Travis Stewart, representing the Coalition of Midwest Power Producers, said that even an express lane will not make RA projects “immune” from the exorbitant network upgrade costs often found in MISO interconnection studies.

But Witmeier said that under the expedited processing, developers should get a clearer idea sooner of network upgrade costs.

“We expect a lot of these LSEs will have done their due diligence and done their own studies on expected network upgrades,” he added.

So far, MISO is not proposing a withdrawal penalty for the expedited class of projects. Stakeholders asked it to reconsider that stance, arguing that even those projects could be canceled.

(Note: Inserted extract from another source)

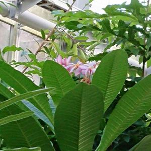 🌿"プルメリア"🌿 和名 インドソケイ キョウキクトウ科インドソケイ属の落葉樹 上から撮りたいのに背が高く蕾がちゃんと見えないね😅お花はいつ頃咲くんでしょうね""⚪🌿

Sustainable FERC Project’s Natalie McIntire said existing projects in the regular queue might be harmed financially through expedited projects snapping up available transmission capacity first. She asked how MISO would make sure that the regular queue is still viable.

Witmeier said MISO will draw on the same system modeling for the regular and accelerated processes. He said projects in both queues would have a chance to claim transmission capacity on the system. After that, MISO would consider it unavailable.

McIntire said she did not see how, somewhere along the line, the parallel processes would not assign the same transmission spot to two projects.

“It seems to me we have a math problem,” McIntire said.

“It seems like an age-old problem that we’ve had, and we’re compounding it,” WEC Energy Group’s Chris Plante agreed.

MISO will hold another workshop to hammer out details on its expedited resource adequacy queue studies Dec. 6.